Segment Start: RECORDED INFORMATION

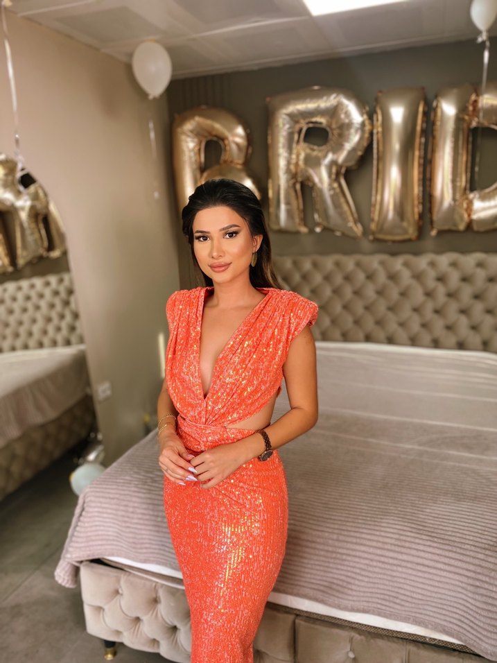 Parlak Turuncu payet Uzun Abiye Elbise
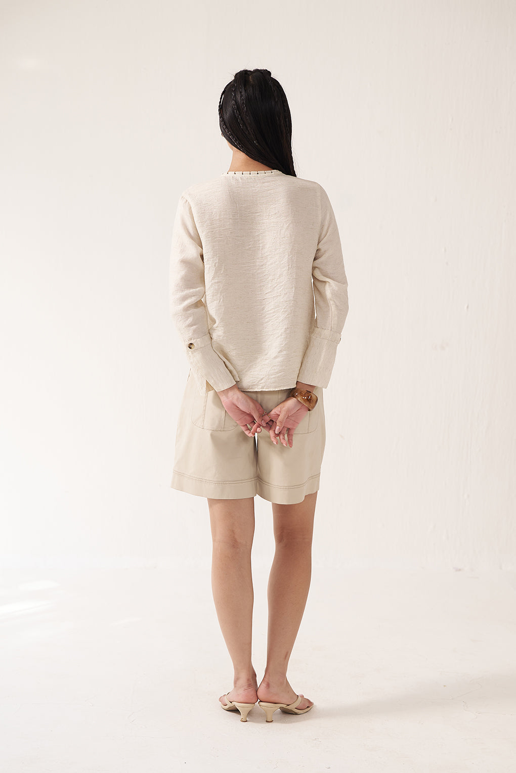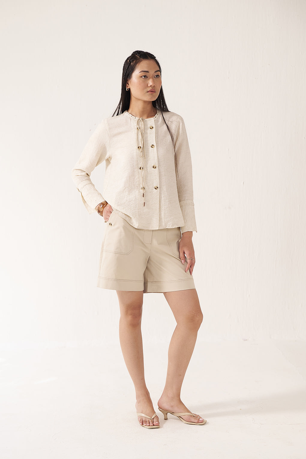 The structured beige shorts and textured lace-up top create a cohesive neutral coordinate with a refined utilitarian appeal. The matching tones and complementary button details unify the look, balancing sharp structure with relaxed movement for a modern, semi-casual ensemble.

Segment End: RECORDED INFORMATION
Segment Start: RECORDED INFORMATION

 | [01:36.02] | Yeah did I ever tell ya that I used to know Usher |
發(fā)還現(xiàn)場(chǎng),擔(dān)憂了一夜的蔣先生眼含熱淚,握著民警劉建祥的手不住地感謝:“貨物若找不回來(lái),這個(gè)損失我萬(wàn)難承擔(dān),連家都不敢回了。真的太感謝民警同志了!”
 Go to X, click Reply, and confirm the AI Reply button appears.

Segment End: RECORDED INFORMATION
Segment Start: RECORDED INFORMATION

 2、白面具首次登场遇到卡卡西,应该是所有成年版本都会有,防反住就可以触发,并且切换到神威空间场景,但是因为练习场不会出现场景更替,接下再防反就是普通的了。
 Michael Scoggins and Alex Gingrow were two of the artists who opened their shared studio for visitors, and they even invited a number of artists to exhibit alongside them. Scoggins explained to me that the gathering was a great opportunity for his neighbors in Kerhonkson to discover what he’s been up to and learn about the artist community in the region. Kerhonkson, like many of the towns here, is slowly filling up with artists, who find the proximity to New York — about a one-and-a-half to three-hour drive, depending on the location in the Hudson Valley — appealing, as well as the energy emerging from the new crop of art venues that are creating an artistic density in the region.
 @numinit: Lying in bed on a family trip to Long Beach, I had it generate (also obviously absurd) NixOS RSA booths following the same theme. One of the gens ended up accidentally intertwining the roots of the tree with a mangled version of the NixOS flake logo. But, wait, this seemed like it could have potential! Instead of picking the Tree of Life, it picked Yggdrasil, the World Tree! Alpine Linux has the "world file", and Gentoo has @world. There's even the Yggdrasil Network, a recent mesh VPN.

Segment End: RECORDED INFORMATION

◆ EXERCISE DETAILS ◆
Copy verbatim, from the listing above, each line from the one containing "know Usher |" down to the one containing "Go to X, click", inclusive.

◆ RESULT FOR THIS TASK ◆
 | [01:36.02] | Yeah did I ever tell ya that I used to know Usher |
發(fā)還現(xiàn)場(chǎng),擔(dān)憂了一夜的蔣先生眼含熱淚,握著民警劉建祥的手不住地感謝:“貨物若找不回來(lái),這個(gè)損失我萬(wàn)難承擔(dān),連家都不敢回了。真的太感謝民警同志了!”
 Go to X, click Reply, and confirm the AI Reply button appears.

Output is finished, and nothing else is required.